- WHAT THE TASK ASKS
Every line from the one with "De Silikomart Siliconen" up to and including the one with "This is why" is to be output exactly as it appears below; pictures are not.

- WORKING DATA

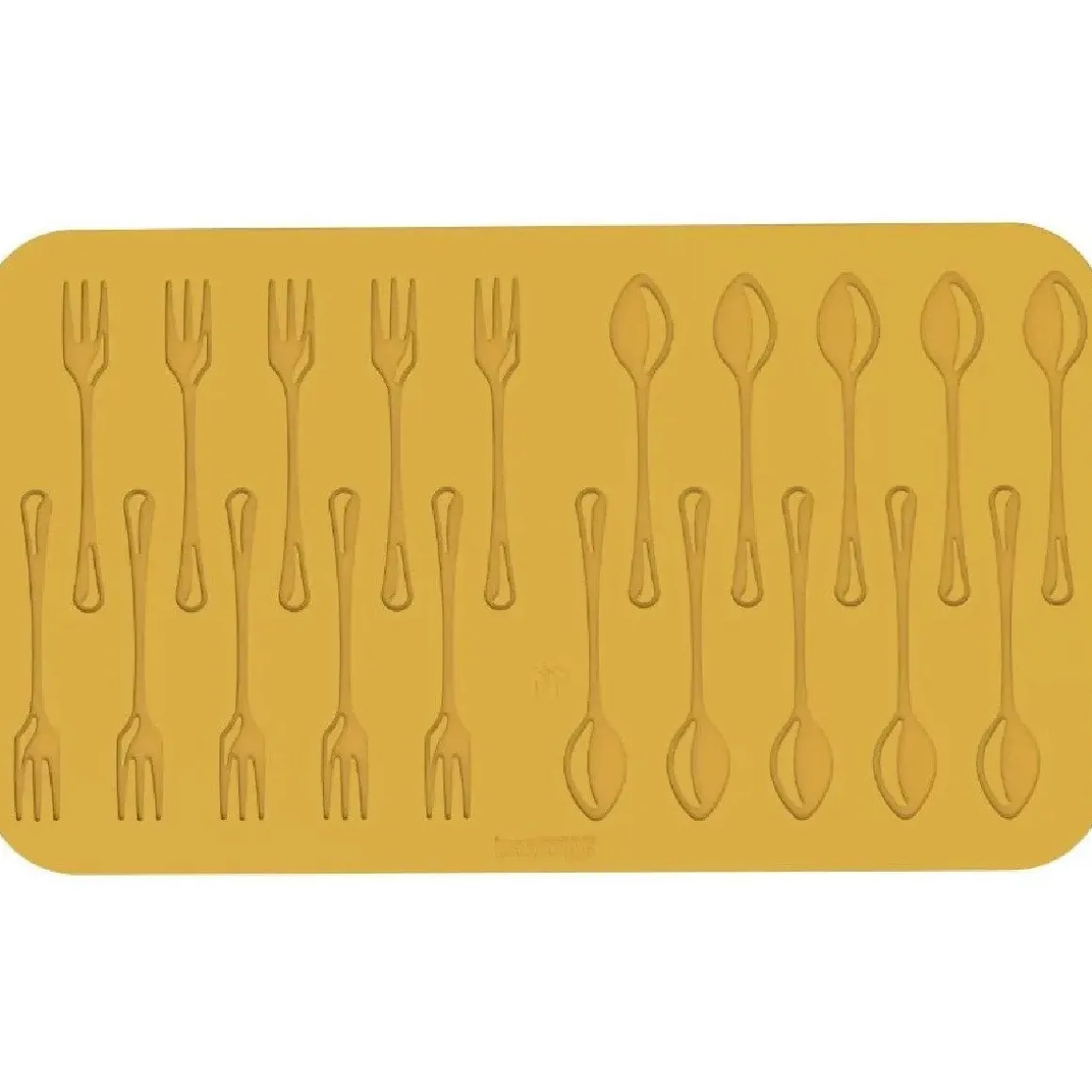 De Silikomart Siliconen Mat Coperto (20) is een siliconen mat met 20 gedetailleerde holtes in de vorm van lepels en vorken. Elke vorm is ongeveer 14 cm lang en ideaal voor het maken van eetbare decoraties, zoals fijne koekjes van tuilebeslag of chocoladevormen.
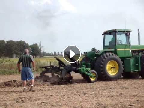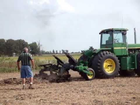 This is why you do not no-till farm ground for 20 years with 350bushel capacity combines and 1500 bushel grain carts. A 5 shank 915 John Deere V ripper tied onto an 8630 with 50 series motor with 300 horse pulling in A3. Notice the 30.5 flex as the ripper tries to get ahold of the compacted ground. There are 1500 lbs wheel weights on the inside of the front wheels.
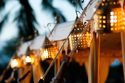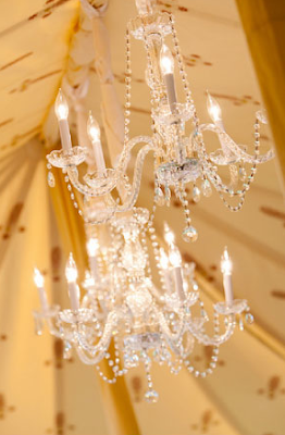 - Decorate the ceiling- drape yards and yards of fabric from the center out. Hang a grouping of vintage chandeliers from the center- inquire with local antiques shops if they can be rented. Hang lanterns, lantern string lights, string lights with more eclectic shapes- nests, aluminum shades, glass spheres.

---

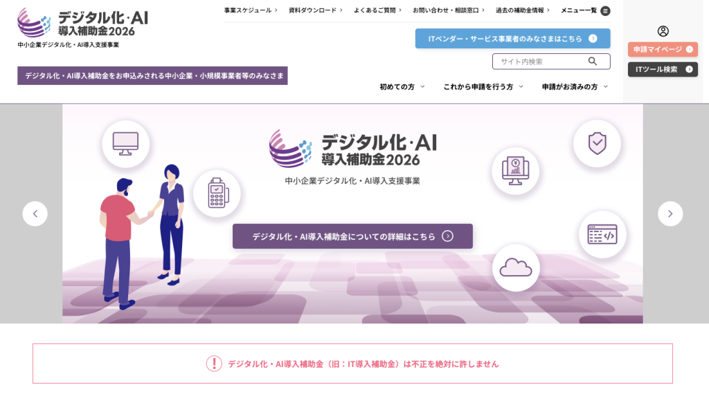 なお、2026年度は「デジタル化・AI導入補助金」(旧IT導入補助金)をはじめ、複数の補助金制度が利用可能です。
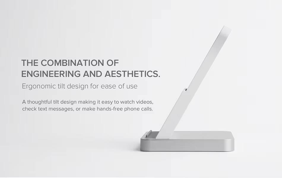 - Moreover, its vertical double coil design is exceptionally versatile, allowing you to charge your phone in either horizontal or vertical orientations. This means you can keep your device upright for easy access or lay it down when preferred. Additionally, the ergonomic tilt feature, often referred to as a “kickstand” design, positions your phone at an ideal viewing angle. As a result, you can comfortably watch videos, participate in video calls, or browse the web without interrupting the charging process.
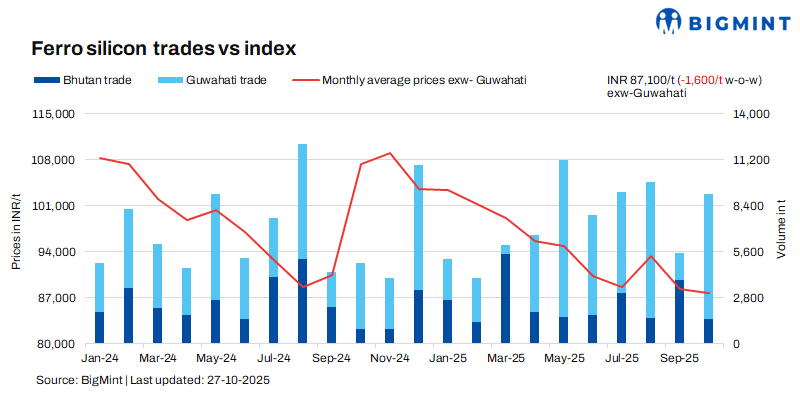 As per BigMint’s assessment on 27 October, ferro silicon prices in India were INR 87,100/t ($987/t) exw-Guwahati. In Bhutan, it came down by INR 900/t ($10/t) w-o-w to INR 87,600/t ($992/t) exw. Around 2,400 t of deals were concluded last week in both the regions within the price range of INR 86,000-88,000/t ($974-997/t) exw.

- SOLUTION
 De Silikomart Siliconen Mat Coperto (20) is een siliconen mat met 20 gedetailleerde holtes in de vorm van lepels en vorken. Elke vorm is ongeveer 14 cm lang en ideaal voor het maken van eetbare decoraties, zoals fijne koekjes van tuilebeslag of chocoladevormen.
 This is why you do not no-till farm ground for 20 years with 350bushel capacity combines and 1500 bushel grain carts. A 5 shank 915 John Deere V ripper tied onto an 8630 with 50 series motor with 300 horse pulling in A3. Notice the 30.5 flex as the ripper tries to get ahold of the compacted ground. There are 1500 lbs wheel weights on the inside of the front wheels.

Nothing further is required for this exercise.